Three-year disease-free survival was 51.1% in the adjuvant-CapOx group; 56.5% in the adjuvant SOX group; and 59.4% in the perioperative-SOX group.

The hazard ratio was 0.77 for perioperative SOX compared with adjuvant-CapOx and 0.86 for adjuvant SOX compared with adjuvant CapOx.

The most common grade 3-4 adverse event was neutropenia, documented in 12% of the adjuvant CapOx group, 8% of the adjuvant SOX group, and 10% of the perioperative SOX group.

Serious adverse events were reported in seven (3%) patients in the adjuvant CapOx group (two treatment-related); eight (3%) in the adjuvant SOX group (two treatment-related); and seven (2%) in the perioperative SOX group (four treatment-related).

No treatment-related deaths were reported.

The authors conclude, "Perioperative-SOX showed a clinically meaningful improvement compared with adjuvant CapOx...; adjuvant-SOX was non-inferior to adjuvant CapOx in these patients.
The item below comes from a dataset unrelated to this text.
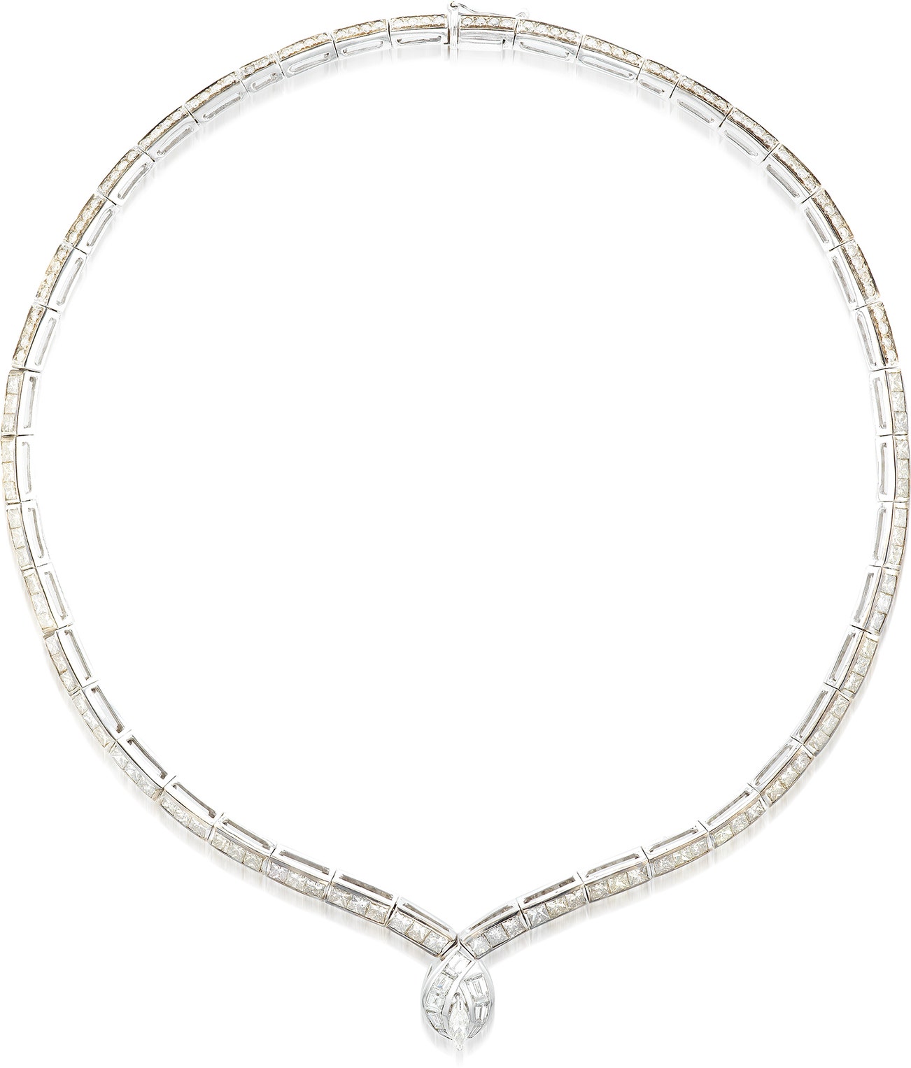 The front set with marquise-shaped diamond within a calibré-cut diamond surround, the necklace composed of a series of collet links set with square-cut diamonds and brilliant-cut diamonds, mounted in white gold, necklace length approximately 390 mm.
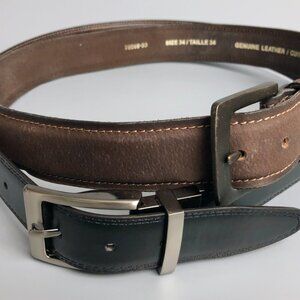 2 pack of genuine leather belts. Men's size 34. Do not appear to have much sign of use.

Perioperative SOX could be considered a new treatment option for patients with locally advanced gastric cancer."

Dr. Vadim Gushchin, Director of the Peritoneal Surface Malignancy Program at the Institute for Cancer Care at Mercy in Baltimore, noted in an email to Reuters Health that S1 is not available outside of Asia and "its toxicity is too high in European and American patients."
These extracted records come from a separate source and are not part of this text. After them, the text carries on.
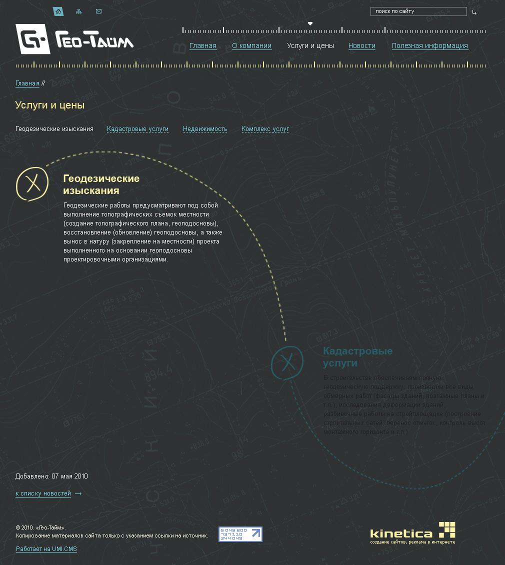 Для создания сайта в веб-студии Kinetica использовался популярный «коробочный движок» UMI.CMS, что позволяет сотрудникам компании «Гео-Тайм» заниматься наполнением и текущим обслуживанием корпоративного веб-ресурса самостоятельно после его сдачи разработчиками.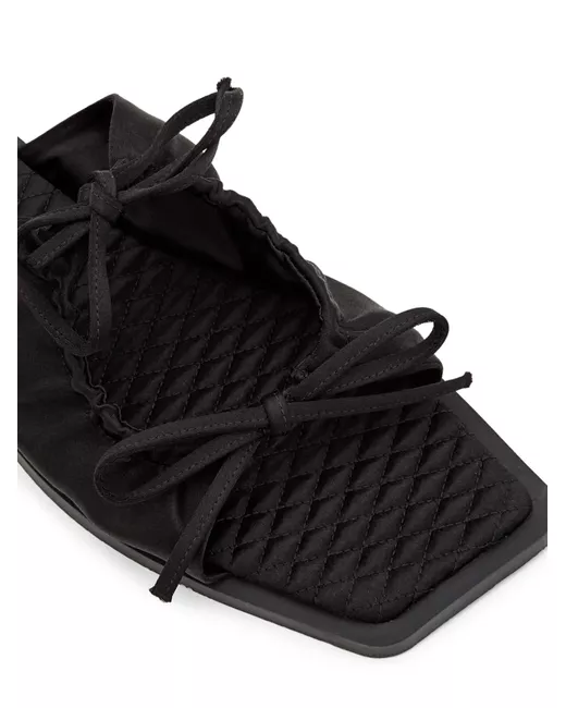 black quilted footbed adjustable double bow closure square toe flat sole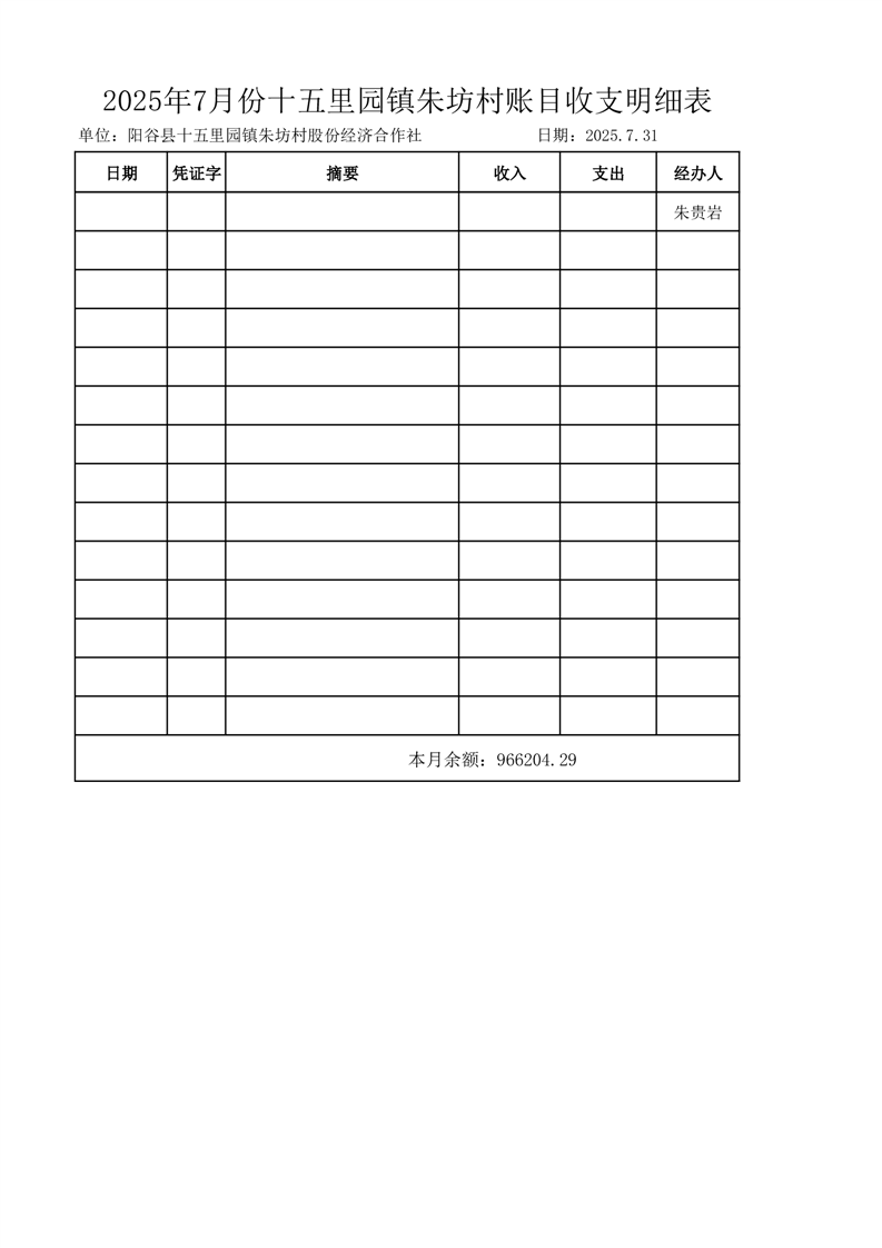 2025年7月份十五里园镇朱坊村账目收支明细表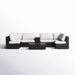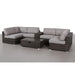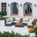 - Complete Outdoor Seating Group: Includes sectional chairs, corner pieces, center console with cup holders, and a glass-top coffee table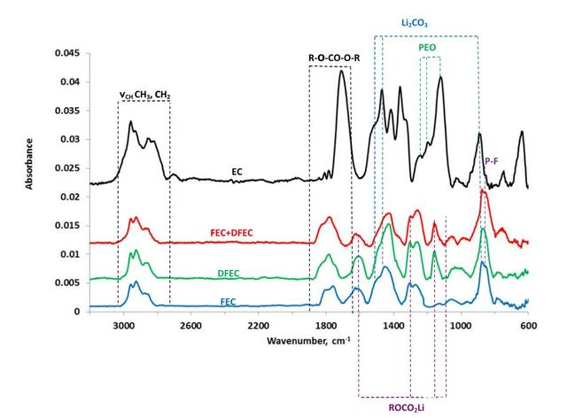 為了分析幾種不同的電解液體系對(duì)于金屬鋰負(fù)極SEI膜的影響,作者采用紅外吸收的方式分析了金屬鋰表面膜的成分(結(jié)果如下圖所示),從圖中我們能夠看到在EC基的電解液中,SEI膜的厚度更厚,并且含有較多的類PEO的聚合物成分,這表明在循環(huán)過(guò)程中EC在金屬鋰表面的還原聚合,是導(dǎo)致金屬鋰電池衰降的主要原因。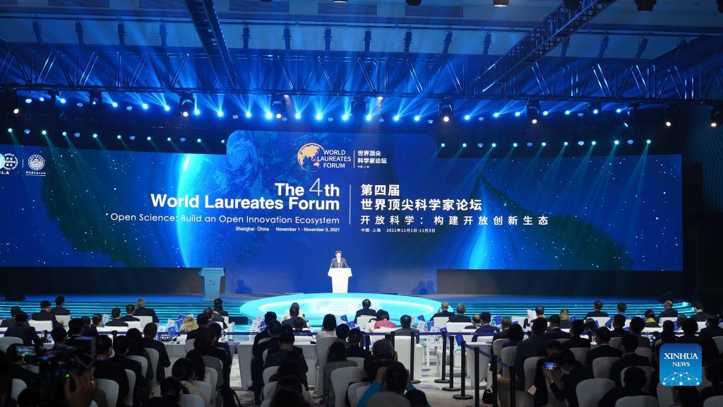 Photo taken on Nov. 1, 2021 shows the opening ceremony of the 4th World Laureates Forum in east China's Shanghai. The 4th World Laureates Forum kicked off Monday in Shanghai, gathering more than 130 decorated scientists, including 68 Nobel Prize winners, to attend the three-day forum. Centering on the theme "Open science: build an open innovation ecosystem," this year's forum will host nearly 100 conferences and activities in 14 sections, covering a number of basic disciplines such as chemistry, physics, life science and mathematics. (Xinhua/Yang Youzong)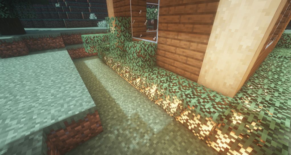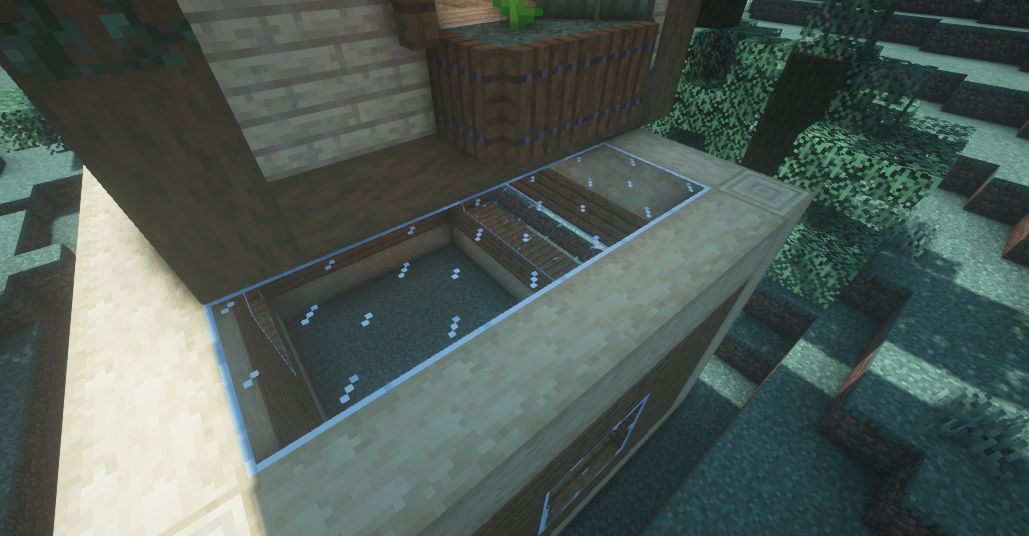 屋子周围用海晶灯和树叶进行点缀。萤石也可以哦。

"The take-home message for me was that the neo-adjuvant approach to treating resectable works better than the adjuvant," he said. "It reinforces our practice of treating gastric cancer with chemotherapy first (FLOT, for example), followed by surgery, and followed by more chemotherapy. This is one of the standards of care in the Western world."

Medical oncologist Dr. Peter Ledakis, also of Mercy, believes that SOX won't be approved by the U.S. Food and Drug Administration "in the foreseeable future." Furthermore," he said, "ongoing research in optimizing the management of advanced gastric cancer has been focusing on the development of targeted agents as well utilization of immunotherapy."

Surgical oncologist Dr. Spiros Hiotis of the Mount Sinai Health System in New York City is more optimistic about the clinical implications of the trial. "The trial establishes new practice patterns in Asia," which has been slow to adopt perioperative treatment, he told Reuters Health by phone. "This trial is very compelling that perioperative chemotherapy is better in the selected patients."

The trial itself was "spectacular" in that the authors could accrue a thousand patients with T4 gastric cancer in just five years and conduct the trial "with systematic rules and analyses," he added. "It's unlikely that we could ever conduct a trial like this in the U.S. or Europe because of the numbers of patients and the coordination required across hospitals."

"The non-inferiority finding for SOX-1 versus adjuvant CapOx is a good message that I believe will lead to FDA approval," he concluded.

The study was funded in part by Sanofi-Aventis and Hengrui Pharmaceutical. The authors declared no competing interests.

Dr. Shen did not respond to requests for a comment.